Ulla or 'Ulla was a Jewish Talmudist and one of the leading Halakhic amoraim in the Land of Israel during the late 3rd and early 4th centuries CE (the second and third amoraic generations).

Biography
In his youth he studied under R. Eleazar II, and he transmitted nine of his teacher's halakhic sayings. He was greatly respected for his learning; and during his visits to Babylonia he seems to have been invited frequently by the Resh Galuta to deliver halakhic lectures. He traveled repeatedly to the Talmudic Academies in Babylonia; and on one of his journeys he was in danger of assassination by one of his companions, saving his life only by condoning the murder of another. Ulla rendered important decisions regarding the benedictions and the calculation of the new moon, and was accustomed to promulgate his rulings in Babylonia when he went there.

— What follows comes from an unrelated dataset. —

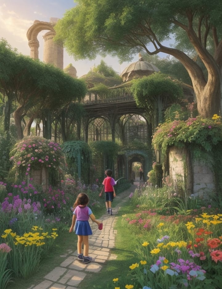 As they ventured deeper into the heart of the town, they stumbled upon Mrs. Thompson's garden, where the most magnificent flowers bloomed in a riot of colors. Khawli, always the curious soul, tiptoed towards the flowers, his eyes wide with wonder.

He was very strict in his interpretation of religious laws. On one occasion, when he heard R. Huna use an expression which he did not approve, he retorted, "As vinegar to the teeth, and as smoke to eyes, so are the words of R. Huna." Only in the presence of Rav Nachman did Ulla hesitate to pronounce his opinions, generally waiting until Nachman had departed, although he frequently sought Nachman's company.

Of his contemporaries with whom he engaged in controversies may be mentioned, besides R. Nachman, R. Abba, Abimi bar Papa, Hiyya bar Ammi, and R. Judah. But his personal friend, with whom he associated most frequently, was Rabbah bar bar Hana.

In addition to the sayings of his teacher Eleazar, Ulla transmitted those of R. Hoshaiah, Joshua ben Levi, R. Johanan, Rav, and Shimon ben Lakish. His own sayings were transmitted by R. Aha bar Adda, Hamnuna, Hiyya bar Abba, Hiyya bar Ammi, Raba bar Hinena, Rav Chisda, Judah bar Ammi, and Joshua bar Abba.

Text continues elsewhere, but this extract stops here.